Entries taken from a collection:
———

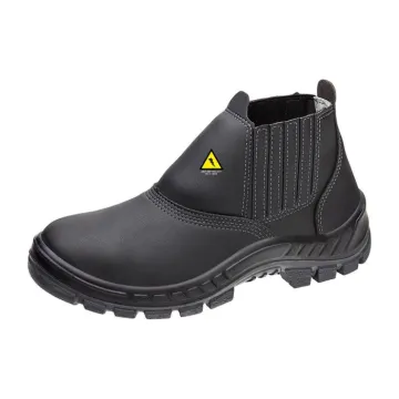 Bota de segurança com proteção elétrica e mecânica, confeccionada em microfibra, fechamento em elástico nas laterais, forração interna, com biqueira de plástico e solado bidensidade.
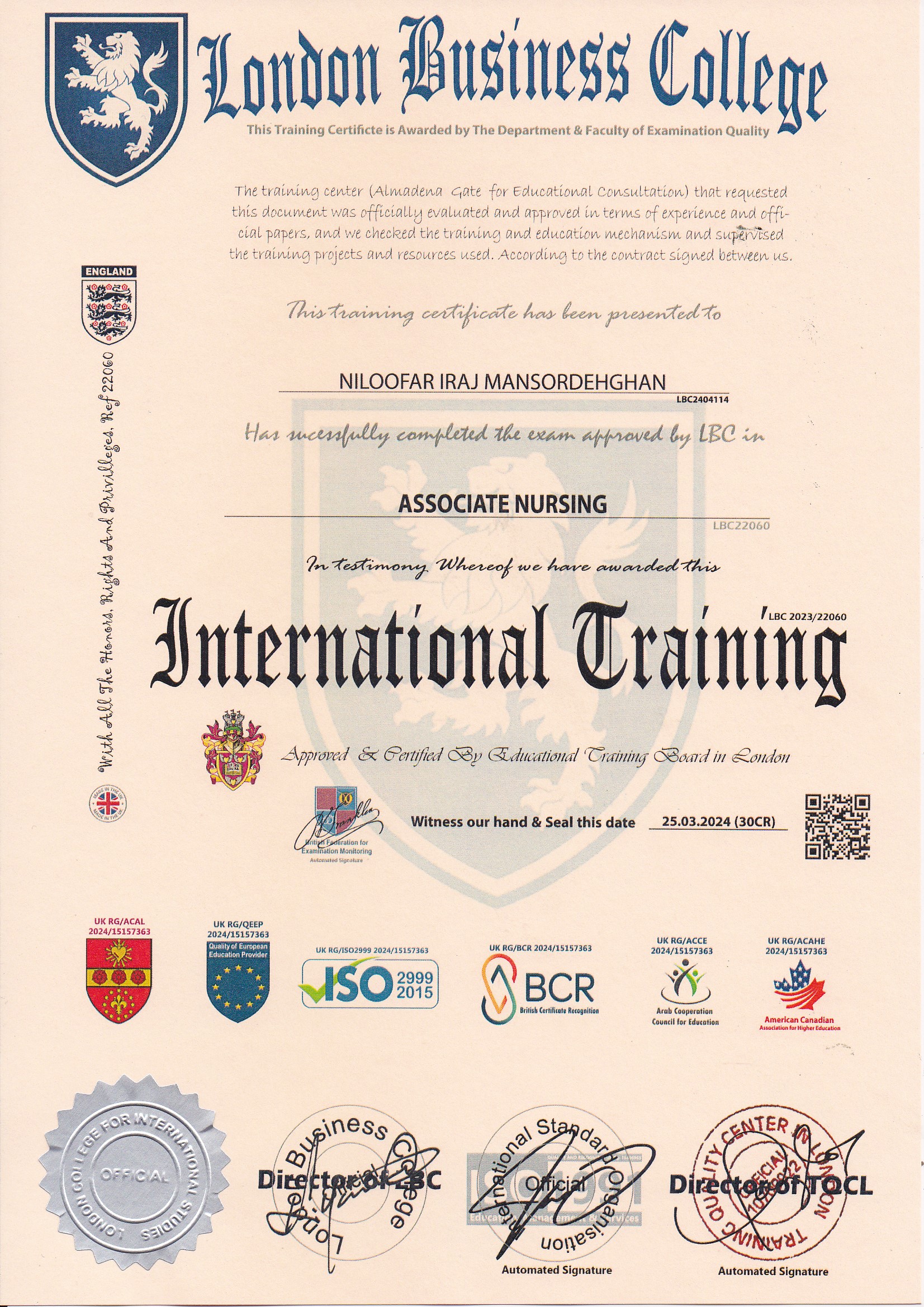 Approved by (Training Quality Center in London)
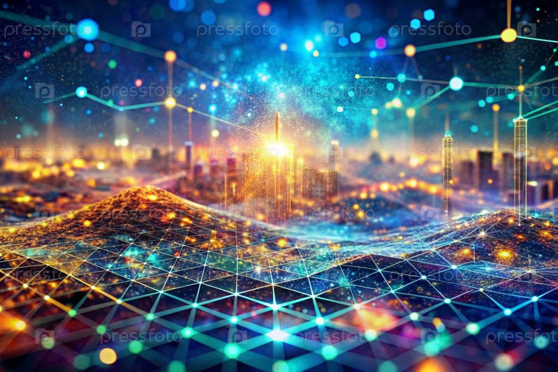 Высокотехнологичный материал. Близкий план клеточного рисунка с многоцветными огнями, создавая абстрактный и футуристический дизайн. Концепция развития и технологии будущего
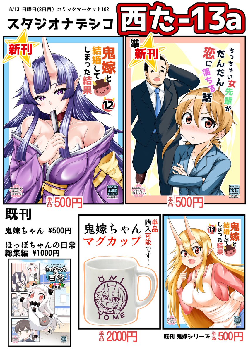 #C102 夏コミのお品書きです! スタジオナデシコの新刊は 『鬼嫁と結婚してしまった結果12』です(*´ω`*) Webカタログ webcatalog-free.circle.ms/Circle/17306193 通販 🍈 melonbooks.co.jp/detail/detail.… 🐅 ec.toranoana.jp/tora_r/ec/item…
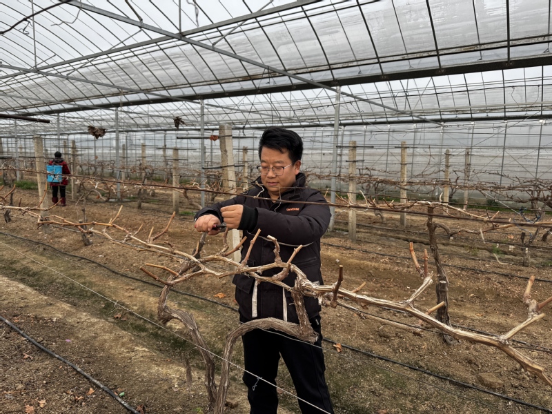 大年初五,當(dāng)大多數(shù)人仍沉浸在節(jié)日的喜悅中時(shí),海安農(nóng)場高效葡萄園已呈現(xiàn)出一派繁忙有序的景象。工人們放棄休息,堅(jiān)守崗位,認(rèn)真進(jìn)行著整枝清園工作。葡萄園負(fù)責(zé)人安強(qiáng)一邊熟練地修剪枝條,一邊介紹道,“葡萄樹冬剪至關(guān)重要,直接關(guān)系葡萄的生長和產(chǎn)量,趁著春節(jié)期間溫度低,我們抓緊時(shí)間對(duì)枯病枝、過密枝再進(jìn)行精準(zhǔn)復(fù)剪,這樣有利于通風(fēng)透光,同時(shí)調(diào)節(jié)樹體養(yǎng)分,為夏季豐收打好基礎(chǔ)?!背硕簦鍒@工作也有條不紊的進(jìn)行著,工人們正穿梭在果樹中,噴灑藥劑進(jìn)行全面清園殺菌,全力做好病蟲害防治工作。

———

Exactly as they appear above, print all the lines, but not the pictures.

 Bota de segurança com proteção elétrica e mecânica, confeccionada em microfibra, fechamento em elástico nas laterais, forração interna, com biqueira de plástico e solado bidensidade.
 Approved by (Training Quality Center in London)
 Высокотехнологичный материал. Близкий план клеточного рисунка с многоцветными огнями, создавая абстрактный и футуристический дизайн. Концепция развития и технологии будущего
 #C102 夏コミのお品書きです! スタジオナデシコの新刊は 『鬼嫁と結婚してしまった結果12』です(*´ω`*) Webカタログ webcatalog-free.circle.ms/Circle/17306193 通販 🍈 melonbooks.co.jp/detail/detail.… 🐅 ec.toranoana.jp/tora_r/ec/item…
 大年初五,當(dāng)大多數(shù)人仍沉浸在節(jié)日的喜悅中時(shí),海安農(nóng)場高效葡萄園已呈現(xiàn)出一派繁忙有序的景象。工人們放棄休息,堅(jiān)守崗位,認(rèn)真進(jìn)行著整枝清園工作。葡萄園負(fù)責(zé)人安強(qiáng)一邊熟練地修剪枝條,一邊介紹道,“葡萄樹冬剪至關(guān)重要,直接關(guān)系葡萄的生長和產(chǎn)量,趁著春節(jié)期間溫度低,我們抓緊時(shí)間對(duì)枯病枝、過密枝再進(jìn)行精準(zhǔn)復(fù)剪,這樣有利于通風(fēng)透光,同時(shí)調(diào)節(jié)樹體養(yǎng)分,為夏季豐收打好基礎(chǔ)?!背硕簦鍒@工作也有條不紊的進(jìn)行著,工人們正穿梭在果樹中,噴灑藥劑進(jìn)行全面清園殺菌,全力做好病蟲害防治工作。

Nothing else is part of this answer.